Impact of input size
As shown in Table 6, an input resolution of \(960\times 960\) pixels yielded the highest overall mAP while maintaining stable convergence and feasible GPU memory usage (24 GB). Hence, this resolution was adopted for all subsequent experiments. The model achieves optimal results at \(960 \times 960\) pixels, outperforming both smaller and even larger input sizes on almost all metrics. While a further increase to \(1280 \times 1280\) yields competitive results, there is no consistent improvement and some metrics are slightly reduced, likely due to increased computational noise, overfitting, or diminished returns with upscaling. Notably, reducing the input size below 960 sharply degrades performance, especially for mAP50 and recall. This is particularly important because many urinary particles (such as bacteria and crystals) are small and easily lost at lower resolutions. At the lowest tested sizes (80 and 40 pixels), model recall especially collapses, confirming that sufficient image resolution is critical for the reliable detection of fine and small-scale particles. These findings underscore the need to optimize input size for automatic urine sediment analysis, balancing computational efficiency with the necessity to preserve particle detail.
Impact of heads
The influence of each detection head was evaluated through a head-wise ablation test, as summarized in Table 5. When any single head was removed, its corresponding samples were not excluded from training; instead, all annotations were reassigned to the Others head to preserve the dataset composition and training balance. The results show that disabling any individual head consistently reduced detection accuracy, indicating that each contributes unique and complementary information. The most pronounced performance drop occurred when the Microorganisms head was removed, reflecting their critical role in discriminating morphologically complex or clinically significant particle groups.
Class-wise analysis
The results in Table 7 demonstrate that our method substantially improves detection accuracy across most urinary sediment particle classes compared to previous baselines. The model achieves high precision and recall on classes with distinctive morphological features, such as Calcium Oxalate, Bilirubin, and Calcium Carbonate, showing the benefit of leveraging their unique visual patterns. However, certain classes remain challenging: for example, Bacteria achieve high precision but low recall, likely due to their small size and tendency to be overlooked in crowded backgrounds. Morphologically similar cells, notably RBC and WBC, are sometimes confused due to their overlapping appearance, limiting further accuracy improvements in these categories. Additionally, rare or subtle classes such as Fat Droplets and Renal Epithelial Cells still suffer from lower detection rates.

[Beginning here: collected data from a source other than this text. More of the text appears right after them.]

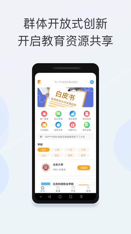 智能教育app,群体开放式创新,开启教育资源共享;角色扮演多重体验,寓教于乐精彩人生;书籍传承历史,数据承载未来;个性自我群体共识,分享自由多边合作。
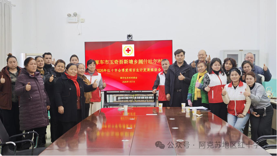 2026年1月7日下午库车市红十字会联合玉奇吾斯塘乡红十字会在玉奇吾斯塘乡阔什吐尔村村委会召开2026年红十字“博爱家园”生计金发展座谈会,为阔什吐尔村红十字“博爱家园”项目8万元生计金的深入推进把脉定向。
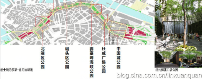 ??? 該設(shè)計(jì)靈感來(lái)源于現(xiàn)實(shí)的兩個(gè)案例,一個(gè)是美國(guó)波士頓的羅斯-肯尼迪綠道,該綠道是美國(guó)“大開(kāi)挖”的產(chǎn)物,將穿過(guò)波士頓市中心的高架中央大道拆除,引入到地下隧道后,在原來(lái)的地面空地上建成了一條貫穿南部碼頭區(qū)和北區(qū)盡頭的綠色綠道,將這些分割的帶狀空間通過(guò)林蔭大道串聯(lián)起節(jié)點(diǎn)公園。同時(shí),借鑒了美國(guó)紐約市的口袋公園體系的做法,在高密度發(fā)展的城市中心,通過(guò)尺度宜人的小公園系統(tǒng)來(lái)彌補(bǔ)城市綠地臨近性差的問(wèn)題。
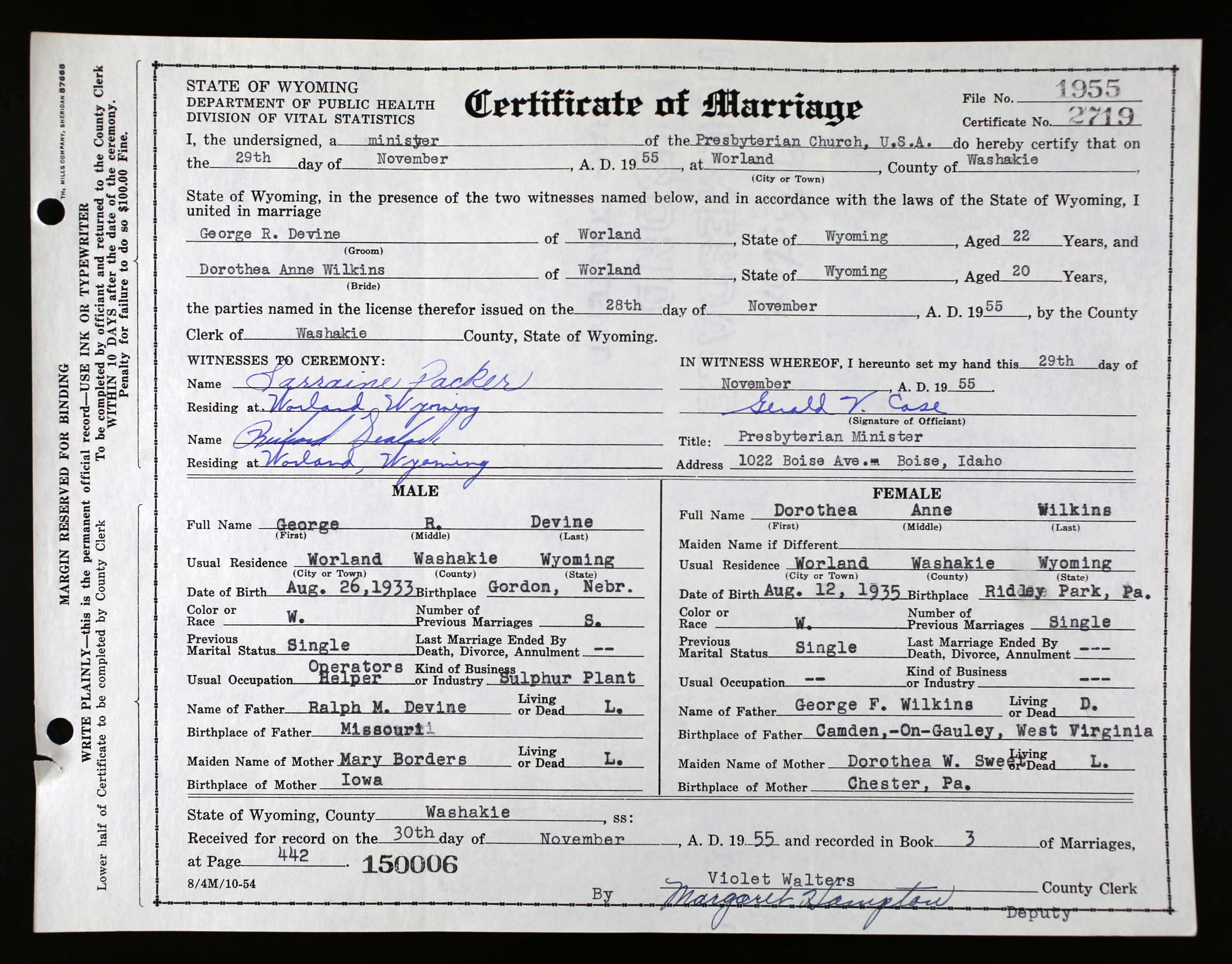 | 29 Nov 1955 - Worland, Washakie, Wyoming | |
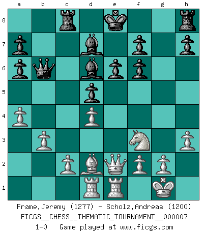 Last move : 1-0 2006 September 11 15:46:12 [Event "FICGS__CHESS__THEMATIC_TOURNAMENT__000007"] [Site "FICGS"] [Date "2006.08.21"] [Round "1"] [White "Frame,Jeremy"] [Black "Scholz,Andreas"] [Result "1-0"] [WhiteElo "1277"] [BlackElo "1200"] 1.Nf3 Nf6 2.d4 Ng8 3.e4 Nf6 4.Nc3 Ng8 5.Bc4 d6 6.Be3 Nf6 7.Qe2 c6 8.O-O d5 9.exd5 cxd5 10.Bd3 e6 11.Rfe1 Qa5 12.Bd2 Bb4 13.a3 Bd6 14.Ne4 Qb6 15.Nxf6+ gxf6 16.b3 Bd7 17.Rad1 Na6 18.a4 Rc8 19.Bxa6 bxa6 20.h3 1-0 Reti Opening Kingside Castling by player White (move 8) Player White won this chess game. Follow this game move after move (download)Capture of the adverse King is the ultimate but not the first object of the game. (William Steinitz) Jede Eröffnung ist gut genug um gespielt zu werden, wenn nur ihr Ruf schlecht genug ist. (Savielly Grigorievitsch Tartakower) Tu cuerpo tiene que estar en óptima condición. Tu Ajedrez se deteriora como lo hace tu cuerpo. No puedes separar la mente y el cuerpo. (Bobby Fischer) RxDa4 pat (...) The man who strikes first admits that his ideas have given out. (Chinese proverb)

Typical failure cases include missed detections in densely clustered regions, merged bounding boxes where adjacent particles overlap, and occasional confusion between morphologically similar RBC and WBC, especially when illumination or focus artifacts blur their boundaries. Quantitative analysis indicates that approximately 38% of the undetected WBC instances were misclassified as RBC, while 43% of the missed RBC instances were incorrectly detected as WBC. This bidirectional confusion highlights their strong morphological resemblance under bright-field microscopy. In crowded microscopic fields, small Bacteria are sometimes undetected or merged with noise, while low-contrast Renal Epithelial Cells may be mistaken for background structures. These qualitative observations (illustrated in Fig.5) reveal the key limitations of the current model and inform future improvements such as boundary-aware loss design and targeted synthetic data augmentation for rare or visually ambiguous categories.
Overall, while our model demonstrates meaningful advances in most categories, the reliable detection of small, ambiguous, or visually similar particles remains a significant challenge for automated urine sediment analysis.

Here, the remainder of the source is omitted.